Peripheral Arterial Disease
Monday, March 16, 2009
Peripheral arterial disease affects about 8 million Americans. It becomes more common as one gets older and diagnosis is critical, as people with PAD have a four to five times higher risk of heart attack or stroke. Dr. Edward Hill tells us more about this disease in today’s 60 Second Housecall.
Peripheral arterial disease is a clogging of the arteries usually caused by atherosclerosis. In most cases of peripheral arterial disease, atherosclerosis affects the arteries of the legs. Over time, it can cause loss of feeling or weakness in the affected leg.
Walking or exercising increases the muscle’s demand for oxygen-rich blood. Peripheral arterial disease limits the blood flow to your legs. This causes pain in the calf or thigh muscle. The pain stops after you rest for a while.
Major risk factors of peripheral arterial disease include being 40 or older, cigarette smoking, high blood pressure, diabetes and high cholesterol.
Treatment includes reducing risk factors.
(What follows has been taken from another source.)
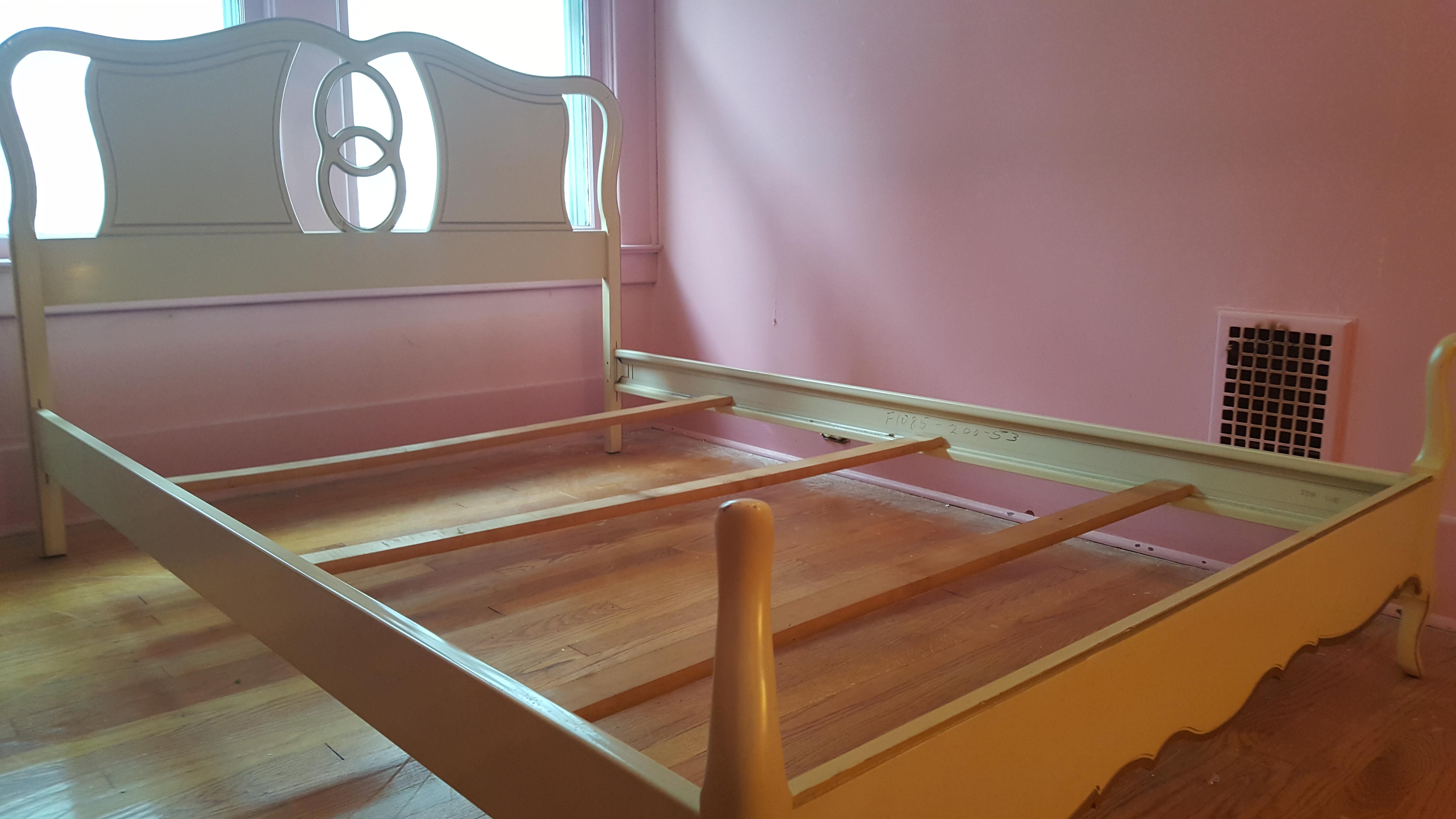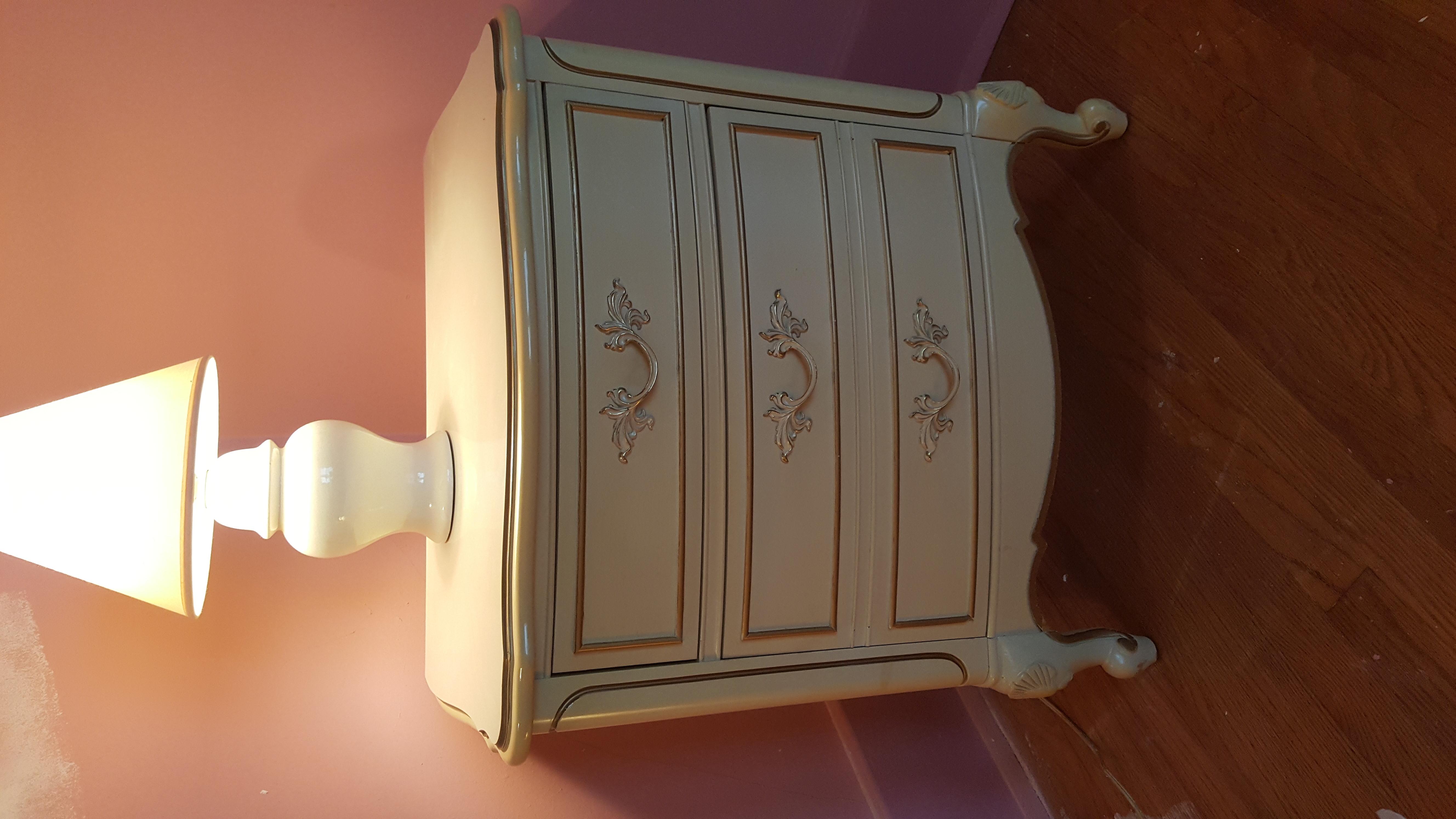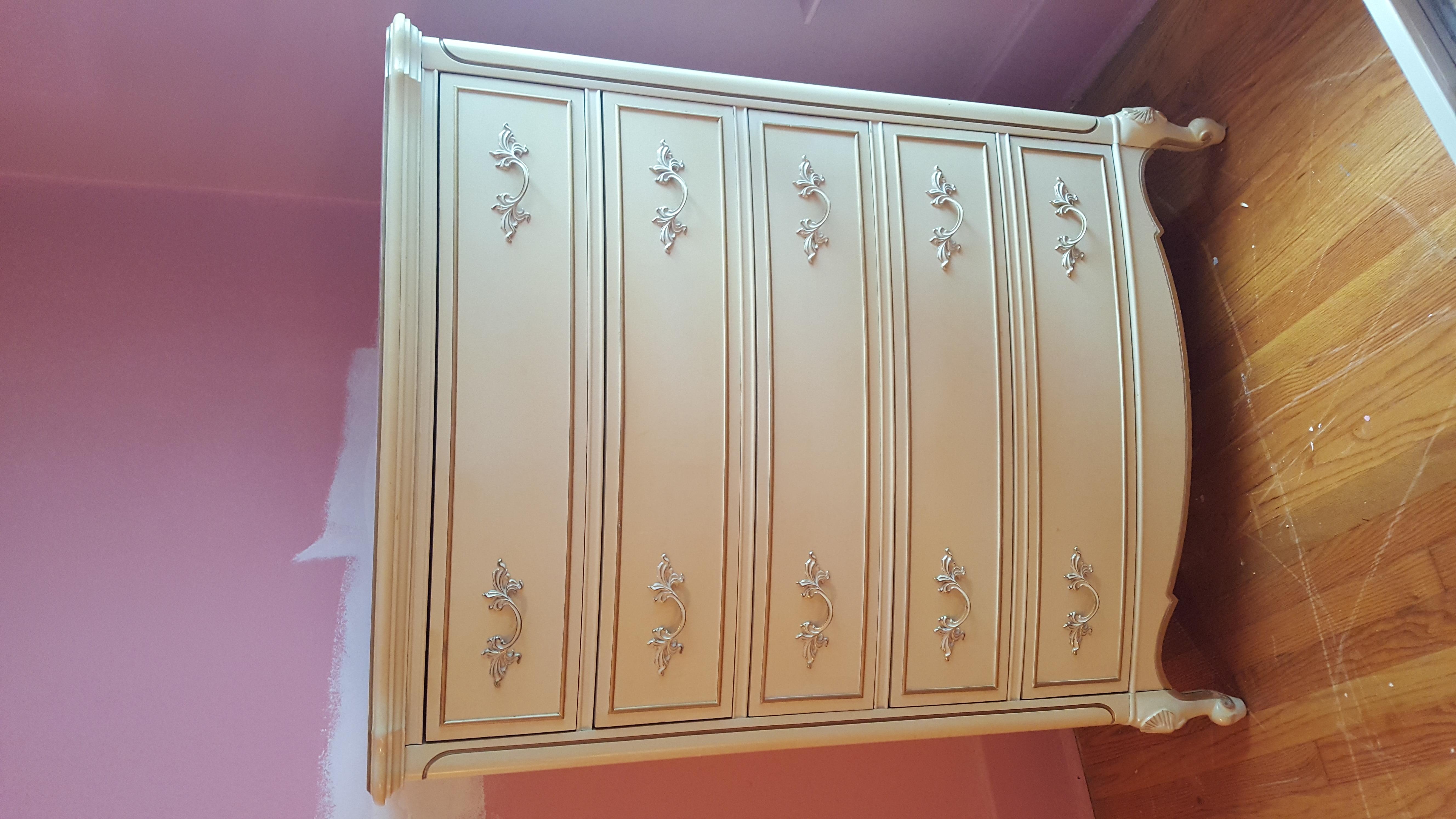 This is a bedroom set consisting of a night stand, tall dresser and low dresser with mirrow, and headboard and footboard.  Small superficial crack at base of headboard and some slight chipping on dressers.
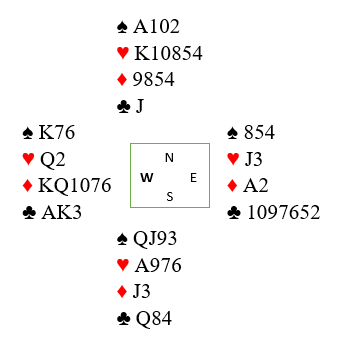 Øst åpnet ved mange bord med 1 grand (15-17). Idet motparten åpner med en sterk grand, er det ikke så lett å komme i utgang. Og det er vel heller ikke ofte egen side har utgang, men i dette tilfellet er det gode muligheter både i 4 hjerter og 4 spar!

If you smoke, you should stop. Lower your cholesterol level. If you have diabetes, keep your blood sugar level under control. A regular exercise program is necessary. You should walk at least three times a week for at least 30 minutes each time. Medications such as pain relievers and blood thinners are sometimes helpful. For severe narrowing of the arteries, you may need surgery to open them up.
For North Mississippi Medical Center, I’m Dr. Edward Hill.